Punzo Giovanni, Beccia Giovanna, Cambise Chiara, Iacobucci Tiziana, Sessa Flaminio, Sgreccia Mauro, Sacco Teresa, Leone Angela, Congedo Maria Teresa, Meacci Elisa, Margaritora Stefano, Sollazzi Liliana, Aceto Paola
Department of Emergency, Anesthesiological and Reanimation Sciences, Fondazione Policlinico Universitario Agostino Gemelli IRCCS, 00168 Rome, Italy.
Department of General Thoracic Surgery, Fondazione Policlinico Universitario Agostino Gemelli IRCCS, 00168 Rome, Italy.
J Clin Med. 2024 Sep 20;13(18):5589. doi: 10.3390/jcm13185589.

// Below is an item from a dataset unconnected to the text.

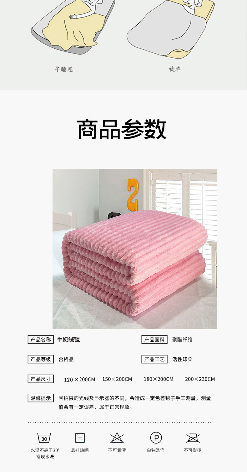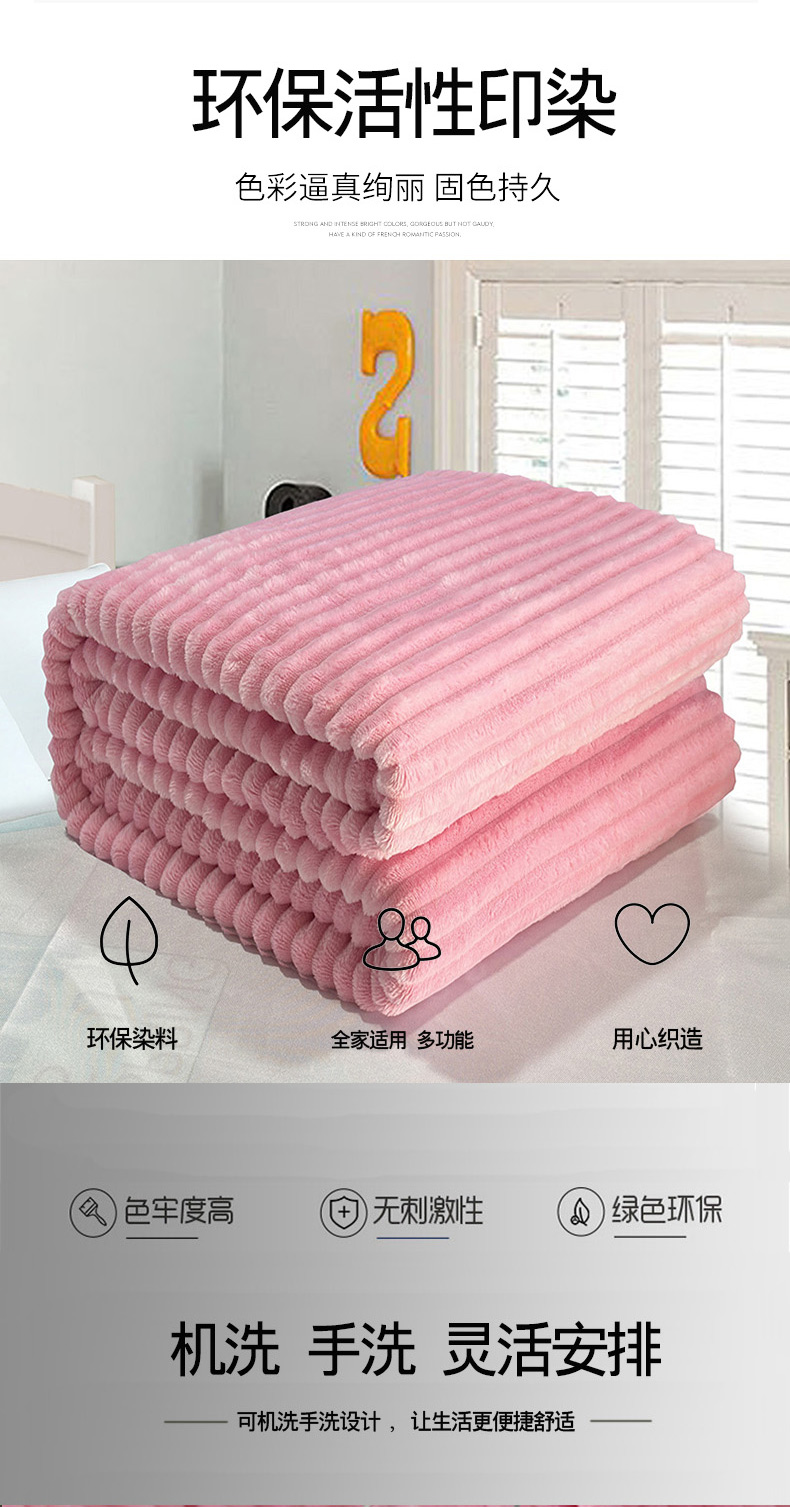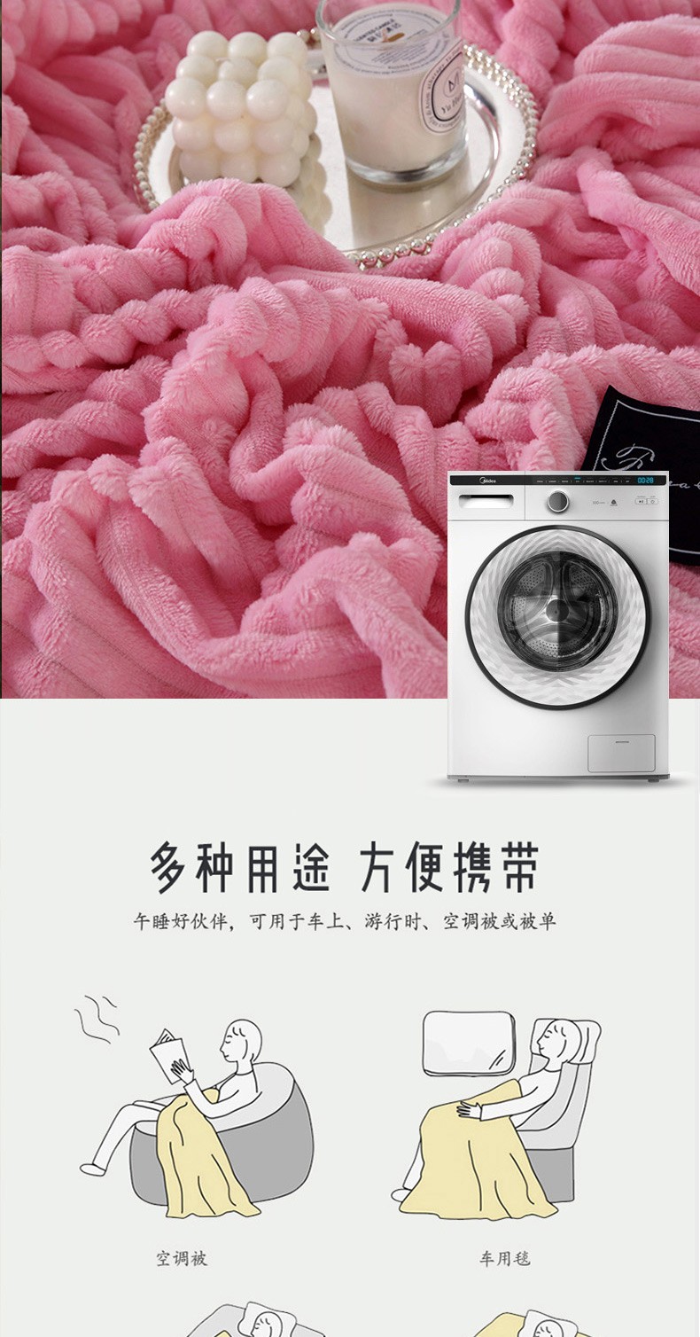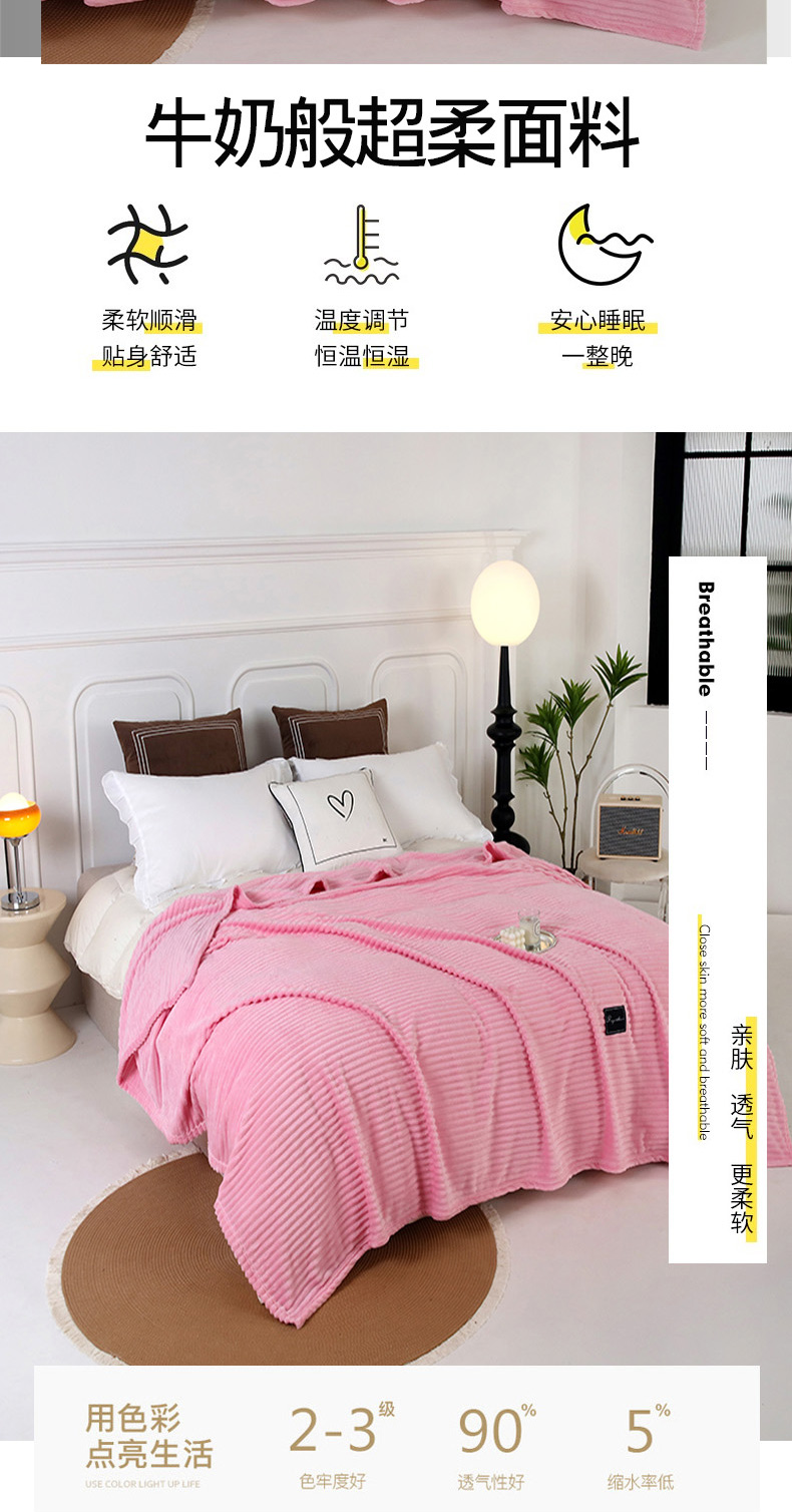 商品名称:2025总 纯色条纹空调毯抽条毛毯魔法绒牛奶绒雪花绒午睡毯法莱绒多用毯

: Intraoperative fluid management based on pulse pressure variation has shown potential to reduce postoperative pulmonary complications (PPCs) and improve clinical outcomes in various surgical settings. However, its efficacy and safety have not been assessed in patients undergoing thoracic surgery with one-lung ventilation. : Patients scheduled for pulmonary lobectomy using uniportal video-assisted thoracic surgery approach were randomly assigned to two groups. In the PPV group, fluid administration was guided by the pulse pressure variation parameter, while in the near-zero group, it was guided by conventional hemodynamic parameters. The primary outcome was the partial pressure of oxygen (PaO)/ fraction of inspired oxygen (FiO) ratio 15 min after extubation. The secondary outcomes included extubation time, the incidence of postoperative pulmonary complications in the first three postoperative days, and the length of hospital stay. : The PaO/FiO ratio did not differ between the two groups (364.48 ± 38.06 vs. 359.21 ± 36.95; = 0.51), although patients in the PPV group ( = 44) received a larger amount of both crystalloids (1145 ± 470.21 vs. 890 ± 459.31, = 0.01) and colloids (162.5 ± 278.31 vs 18.18 ± 94.68, = 0.002) compared to the near-zero group ( = 44). No differences were found in extubation time, type and number of PPCs, and length of hospital stay. : PPV-guided fluid management in thoracic surgery requiring one-lung ventilation does not improve pulmonary gas exchange as measured by the PaO/FiO ratio and does not seem to offer clinical benefits. Additionally, it results in increased fluid administration compared to fluid management based on conventional hemodynamic parameters.
基于脉压变异的术中液体管理已显示出在各种手术环境中减少术后肺部并发症(PPCs)并改善临床结局的潜力。然而,其在单肺通气的胸外科手术患者中的疗效和安全性尚未得到评估。
计划采用单孔电视辅助胸外科手术方法进行肺叶切除术的患者被随机分为两组。在脉压变异(PPV)组中,液体输注由脉压变异参数指导,而在接近零组中,由传统血流动力学参数指导。主要结局是拔管后15分钟的氧分压(PaO)/吸入氧分数(FiO)比值。次要结局包括拔管时间、术后前三天的术后肺部并发症发生率以及住院时间。
两组之间的PaO/FiO比值没有差异(364.48±38.06 vs. 359.21±36.95;P = 0.51),尽管与接近零组(n = 44)相比,PPV组(n = 44)的晶体液(1145±470.21 vs. 890±459.31,P = 0.01)和胶体液(162.5±278.31 vs 18.18±94.68,P = 0.002)输注量更大。在拔管时间、PPCs的类型和数量以及住院时间方面未发现差异。
在需要单肺通气的胸外科手术中,基于PPV的液体管理并不能改善以PaO/FiO比值衡量的肺气体交换,似乎也没有临床益处。此外,与基于传统血流动力学参数的液体管理相比,它会导致液体输注量增加。